§ Available data:

== Segment start ==

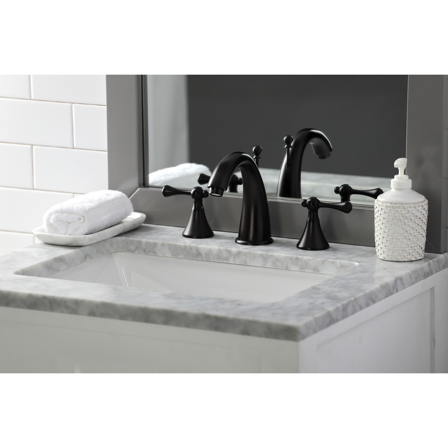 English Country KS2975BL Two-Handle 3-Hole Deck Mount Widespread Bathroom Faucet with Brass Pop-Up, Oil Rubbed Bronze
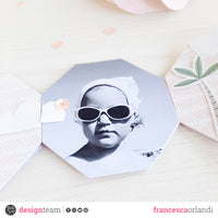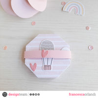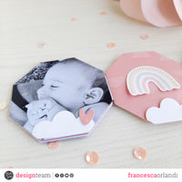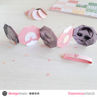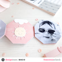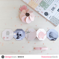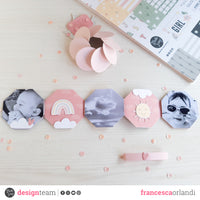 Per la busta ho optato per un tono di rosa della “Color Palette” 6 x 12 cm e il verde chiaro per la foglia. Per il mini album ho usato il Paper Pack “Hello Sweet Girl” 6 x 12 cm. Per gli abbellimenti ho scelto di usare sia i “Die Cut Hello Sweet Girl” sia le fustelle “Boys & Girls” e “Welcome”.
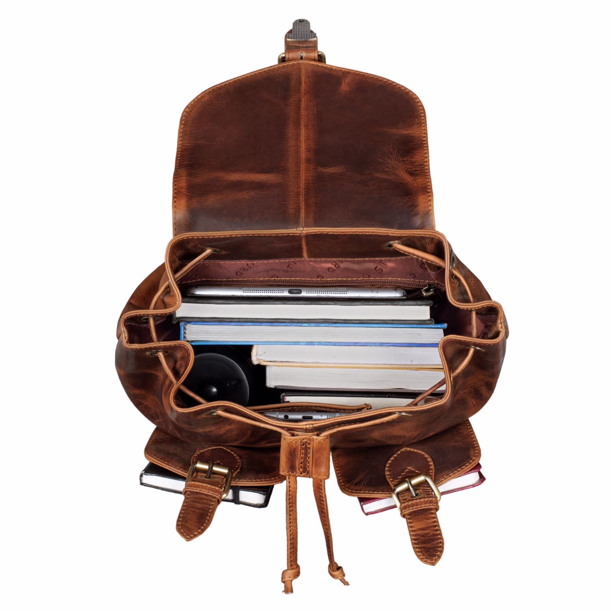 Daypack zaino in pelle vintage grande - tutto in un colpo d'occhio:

== Segment end ==

§ What is being asked: Transcribe the listing above in full and exactly; no pictures belong in the copy.

§ Solution to this task:
 English Country KS2975BL Two-Handle 3-Hole Deck Mount Widespread Bathroom Faucet with Brass Pop-Up, Oil Rubbed Bronze
 Per la busta ho optato per un tono di rosa della “Color Palette” 6 x 12 cm e il verde chiaro per la foglia. Per il mini album ho usato il Paper Pack “Hello Sweet Girl” 6 x 12 cm. Per gli abbellimenti ho scelto di usare sia i “Die Cut Hello Sweet Girl” sia le fustelle “Boys & Girls” e “Welcome”.
 Daypack zaino in pelle vintage grande - tutto in un colpo d'occhio:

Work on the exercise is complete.